CIP or Consumer Price Index tracks the changes in the prices of a basket of goods and services that represent the typical consumption of a household. As Kavan Choksi says, this basket tends to include items like healthcare, food, clothing, housing, transportation and entertainment. CPI is typically calculated by comparing the current prices of the basket with the prices in a base year, and ultimately expressing the outcome as a percentage. For instance, if the CPI is 110, it essentially means that the average price level has increased by 10% since the base year.
Kavan Choksi briefly mentions how the CPI impacts the dollar against other currencies
The Federal Reserve is known to have a dual mandate that impacts its action on monetary policy. The central bank aims at bringing the economy to full employment, as well as ensure a healthy rate of inflation as the economy expands. Hence, forex traders consider both inflation and unemployment rates as figures that would dictate the future decision of the central bank on whether to cut, raise or maintain current interest rate levels. Due to the impact of interest rates on the weakness or strength of a currency, traders often anticipate the impact of the actions of the central bank, as well as how they affect the dollar’s performance in currency pairs.
Forex traders typically consider the CPI and Core CPI figures to be among the most fundamental indicators of the performance of an economy. The Core CPI figure, however, is able to provide a better look under the hood between the two. Core CPI basically executes the costs in the energy and food sectors, as these industries often experience a higher degree of price volatility.

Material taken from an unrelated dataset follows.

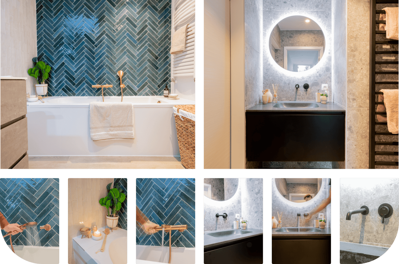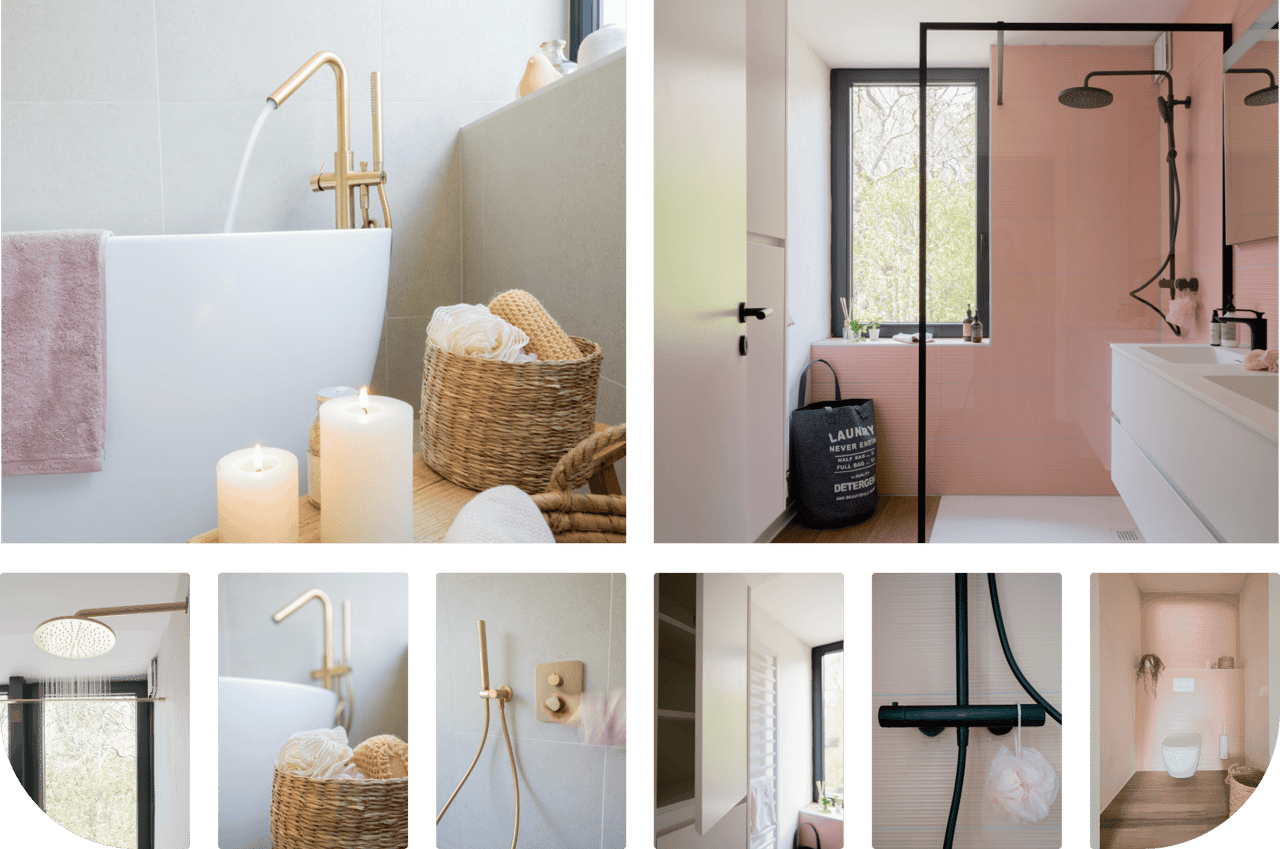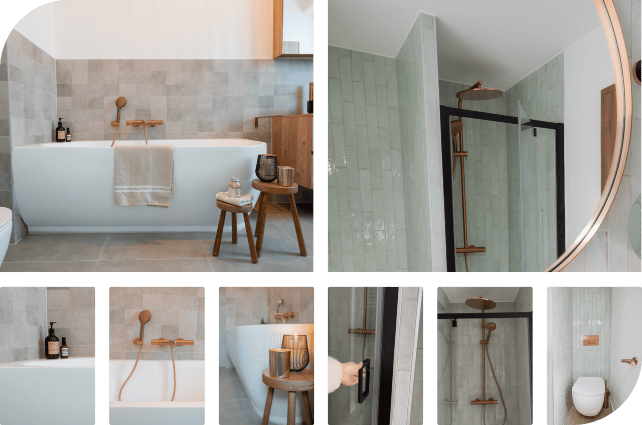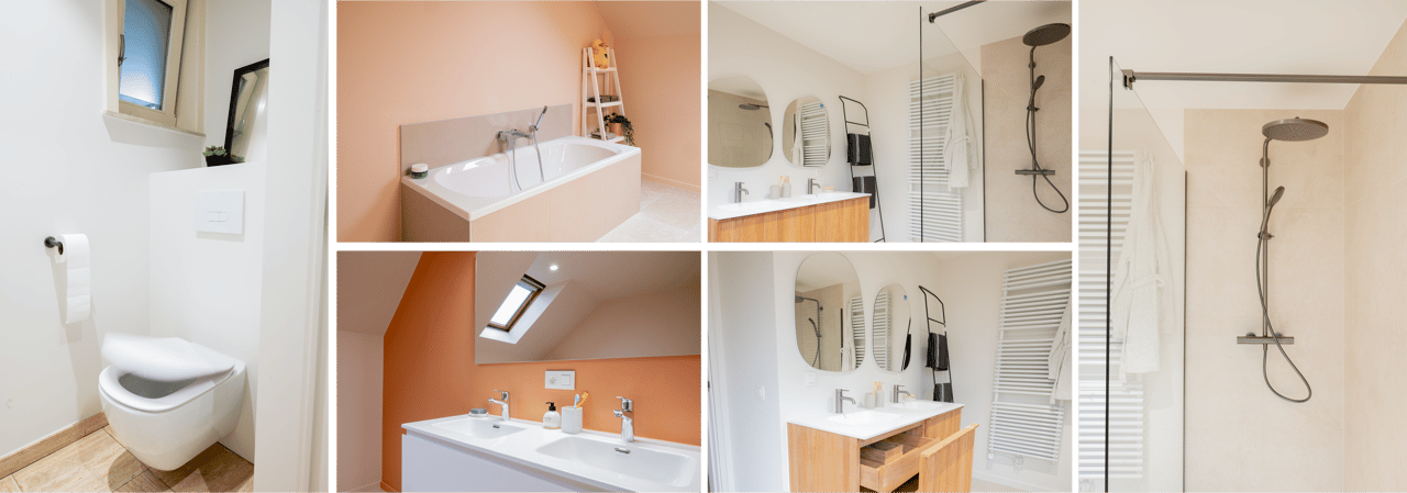 De eerste badkamer straalt warmte uit met perzikkleurige accenten, een vrijstaand ligbad en een dubbele wastafel onder een dakraam. In de tweede badkamer zorgen lichte materialen, een houten meubel met open lades en afgeronde spiegels voor een zachte, natuurlijke look. Het zijn ruimtes met slimme indelingen met inloopdouche, opbergruimte en veel daglicht — ideaal voor wie houdt van comfort en verfijning.
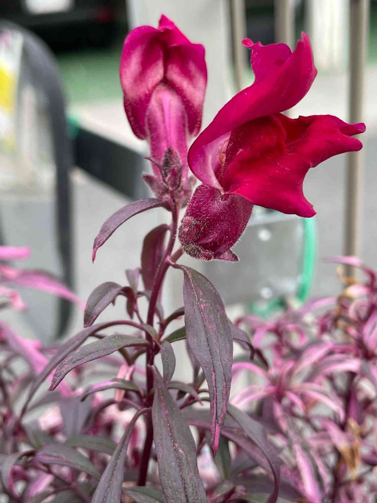 「金魚草 ブランルージュ」ビオラと寄せ植えにしていた金魚草、咲いてきました。渋い赤の銅葉がステキです。

The Labor Department releases the CPI and Core CPI figures in the United States. In case these figures beat the market expectations, the dollar may experience a boost against other currencies. On the other hand, in case these readings do fall short of the consensus expectations, the dollar may fall relative to other pairings. One must, however, understand that the impact is not limited to the monthly report. Much like all government data figures, the CPI figure is subject to revisions by economists, and these changes may fuel considerable volatility in the value of a currency on the global market.
Kavan Choksi underlines that inflation is the phenomenon in which the price of goods and services increases over, and money essentially loses its value when this happens. The impact of inflation on the dollar lies in the gradual erosion of its buying power. Basically, this means that five dollars in one’s pocket today is worth more than what it will at a date in the future, taking steady inflation into account.
If the inflation is high, it may weaken the currency as buying power reduces. This invariably suppresses investment, and can have a negative impact on the exchange rate of a country. The inverse is also quite true. When inflation is low, a currency would be strong, and therefore have a positive impact on its exchange rate.